Technically that's true because of the "C virtual machine", but pragmatically, C is still the "lowest-level high-level programming language" at least among the popular programming languages (arguably only Forth is lower level, but Forth isn't exactly mainstream).

(and I'd argue that C is closer to assembly than assembly is to what's actually happening inside the CPU, e.g. assembly itself is a high-level abstraction layer that's still pretty close to C - which isn't all that surprising because both probably developed as a symbiosis over time - especially when you look at all the non-standard language extensions in various C compilers)


You're thinking of the C abstract machine, not a virtual machine. Abstract art is when this is a painted blue circle but it's about the feeling of sadness when losing somebody close to you - virtual art is when somebody persuades you a crappy GIF of a monkey is worth a million dollars.

And no, it's just not usefully true to model things this way. The C abstract machine is pretty weird even compared to a PDP-11, and your modern computer is nothing like a PDP-11.

C was intended to be efficiently implementable, so that's nice, but it has numerous defects in practice in this regard, because it pre-dates a lot of discoveries about how to implement programming languages.

The machine doesn't have types. At all. They're just not a thing. C has types. They're not very good types, and they're poorly implemented, but they are definitely types. Several other languages from that era don't bother, C does because it's a "high level language" and you'll do better embracing that understanding than trying to pretend it's assembler.


Assembler has types : bytes, words, floats, addresses, even strings and "functions". They are easily worked around by design though, in similar ways in assembler and C.


C is an abstraction over assembly. It is also minimal compared to prolog.


So is JOVIAL, FORTRAN 66, PL/S, BLISS...


May I suggest you give arguments why it is not (and why we should care about those arguments from a practical standpoint), and what language should better earn the title?


Others have already made a few in response, but for reference, this ACM queue article [1] is a good place to start. It has been widely discussed both on HN and elsewhere, and a simple search of the title can bring up several counter-arguments etc. if you're interested and want to know more.
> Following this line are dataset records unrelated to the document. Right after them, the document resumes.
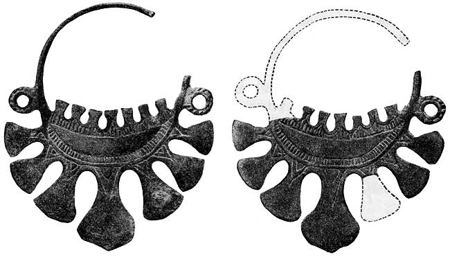 В Тушинской курганной группе найдена пряжка с характерным криновидным хвостом. Совершенно такая же пряжка, литая в той же форме, найдена в курганах близ Мякинина; Тушино и Мякинино (расстояние 8 км). Очевидно, неизвестная нам мастерская, продукцию которой мы встречаем на всех соседних кладбищах, вырабатывала височные кольца, перстни, пряжки[907]907
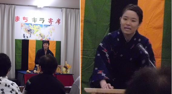 場が温まったところで、京都女子大学、立命館大学からは初々しい学生さんが一席。会場の笑いを誘っていました。 京都女子大学落語研究会に所属の「藤乃家 味鈴(ふじのや みりん)」さんは、帯を忘れて大慌て。でも、帯板にマフラーを巻くという荒業で急場をしのぎ、客席から拍手を… これ、ネタと違います。実話です(笑)
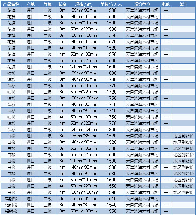 木材市場(chǎng)聯(lián)盟新動(dòng)態(tài):東北鋸材市場(chǎng)依然毫無(wú)亮點(diǎn)可言,行情持續(xù)處于低迷的態(tài)勢(shì)。有商家表示,目前國(guó)內(nèi)市場(chǎng)依然有著較大的東北材庫(kù)存,供應(yīng)下游市場(chǎng)基本沒(méi)什么問(wèn)題,只是下游市場(chǎng)需 求遲遲不見(jiàn)回暖,導(dǎo)致東北材行情一直疲軟不堪。目前廣東市場(chǎng)樺木長(zhǎng)2—4m、厚5cm、統(tǒng)材報(bào)價(jià)2300—2500元/立方米;白松長(zhǎng)2—4m、厚2.5 —9cm、統(tǒng)材報(bào)價(jià)1700—2000元/立方米。

> what language should better earn the title?

None.

1: https://queue.acm.org/detail.cfm?id=3212479


This article states that "C is not a Low-Level Language", not that it is not a thin abstraction over assembly. The arguments in the article could as well be used to make a point that "Assembly is not a Low-Level Language".


Could you specify the main ways it isn't? I have limited experience in both but I haven't seen much that suggests otherwise


Many features of C do not directly correspond with most modern assembly languages. You cannot predict the exact assembly it will generate without knowing a lot of details about your compiler and platform, and even then it's often iffy. It seems like a bit of a leap to call something "a minimal abstraction" if you can't even correctly describe how an operation in the abstraction corresponds to operations in the lower level.


That's mainly the result of optimizer passes, C itself doesn't have much to do with it.

Assembly languages actually haven't changed all that much since the 70's, but compilers have improved a lot. The output of early C compilers did indeed match the source code quite closely (and not just on the PDP-11), but even today that's true if you disable optimizations (and even with optimizations is usually pretty straightforward to map the C source to the assembly listing - if you're somewhat aware what optimizer passes in modern compilers are doing).

Of course CPU ISAs are already human-friendly abstractions over what's actually happening down in the hardware.


C has everything to do with optimizer passes, the language definition is what allows them to happen! The fact that you get about what you'd expect on -O0 is merely incidental, the specification does not afford you this.


It's true and false at the same time. The operations C gives you map 1-to-1 with assembly. Given some C code you can quite accurately predict which loads/stores will be elided by the compiler and what the resulting assembly will be.

I can't name another language for which this is true.

I get that you're hinting at the insane level of undefined behaviour enforcement by compilers, but I don't think it matters all that much once you understand how optimizing compilers work.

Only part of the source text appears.